How does KNN algorithm work?
The letter “K” in KNN means the number of neighbors
around the test sample. During prediction it searches for the nearest neighbors and takes their majority vote as the class predicted for the sample.
flowchart LR
id1(For a sample) --> id2(Find its k nearest neighbor) --> id3(Take majority vote as sample class predicted for the sample)

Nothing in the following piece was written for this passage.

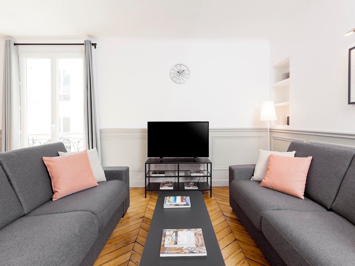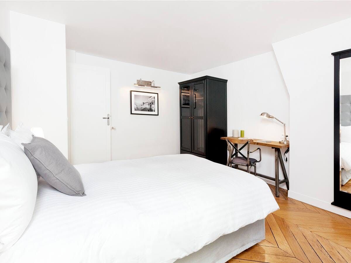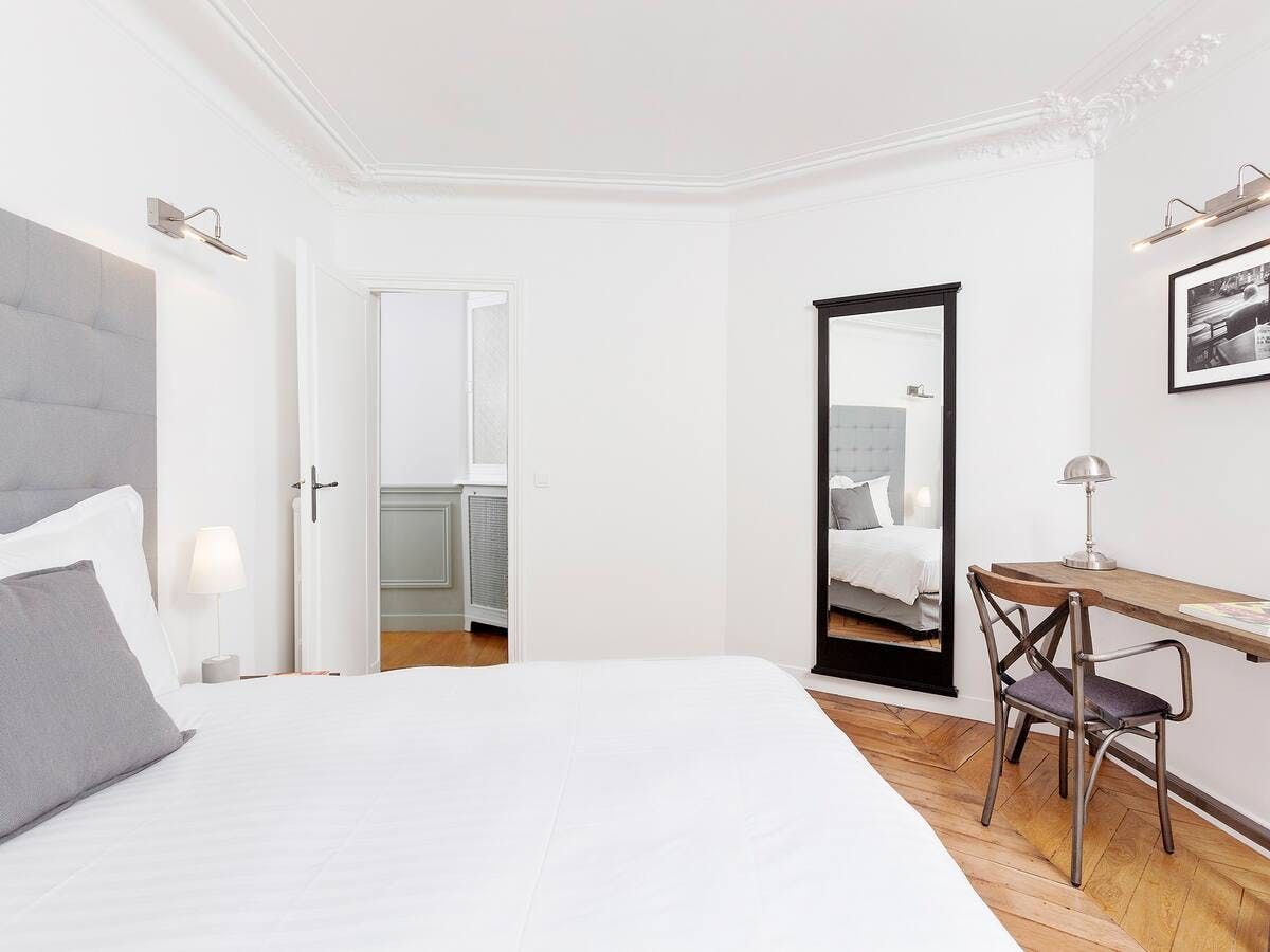 An eighteen-minute walk places you at the upmarket Galeries Lafayette Haussmann – splurge on coveted items from luxury mainstays and emerging designers. When shopping becomes thirsty work, hip South Pigalle, a twenty-minute stroll away, offers an irresistible selection of bars and old-school watering holes. Once dusk falls, head home to primp and preen ready for a night at the ballet – the opulent Palais Garnier is just a ten-minute car ride from your building.

Find neighbor: distance/similarity metric (some norms)
Minikowski distance
$$ D(X, Y)=\left(\sum_{i=1}^{n}\left|x_{i}-y_{i}\right|^{p}\right)^{\frac{1}{p}} $$
(Norm $l_0$)
Matthan distrance (Norm $l_1$, $p=1$)
$$ D(X, Y)=\left(\sum_{i=1}^{n}\left|x_{i}-y_{i}\right|\right) $$
Euclidean distance (Norm $l_2$, $p=2$)
$$ D(X, Y)=\left(\sum_{i=1}^{n}\left|x_{i}-y_{i}\right|^{2}\right)^{\frac{1}{2}} $$
L-infinity distance (Norm $l_\infty$)
$$ D(X, Y)=\text{max}\left|x_{i}-y_{i}\right| $$
L-negative-infinity distance (Norm $l_\infty$)
$$ D(X, Y)=\text{min}\left|x_{i}-y_{i}\right| $$
Feature scaling - Normalization
Why Normalization?
To avoid bias towards variables with higher magnitude
Standard score
$$ f_{i} \leftarrow \frac{f_{i}-\mu_{i}}{\sigma_{i}} $$
-
Represents the feature value in terms of $\sigma$ units from mean
-
Works well for populations that are normally distributed
Min-max feature scaling
$$ f_{i} \leftarrow \frac{f_{i}-f_{\min }}{f_{\max }-f_{\min }} $$
- Set all feature values within [0,1] range
Three KNN algorithms: Brute force, Ball tree, and k-d tree
Brute force method
Training time complexity: $O(1)$
Training space complexity: $O(1)$
Prediction time complexity: $O(knd)$
each sample, calculate d
times to get distance, then we have n
sample, thus n*d
, finally we have k
samples need to be found, hence $knd$.
Prediction space complexity: $O(1)$
Training phase technically does not exist, since all computation is done during prediction, so we have O(1) for both time and space.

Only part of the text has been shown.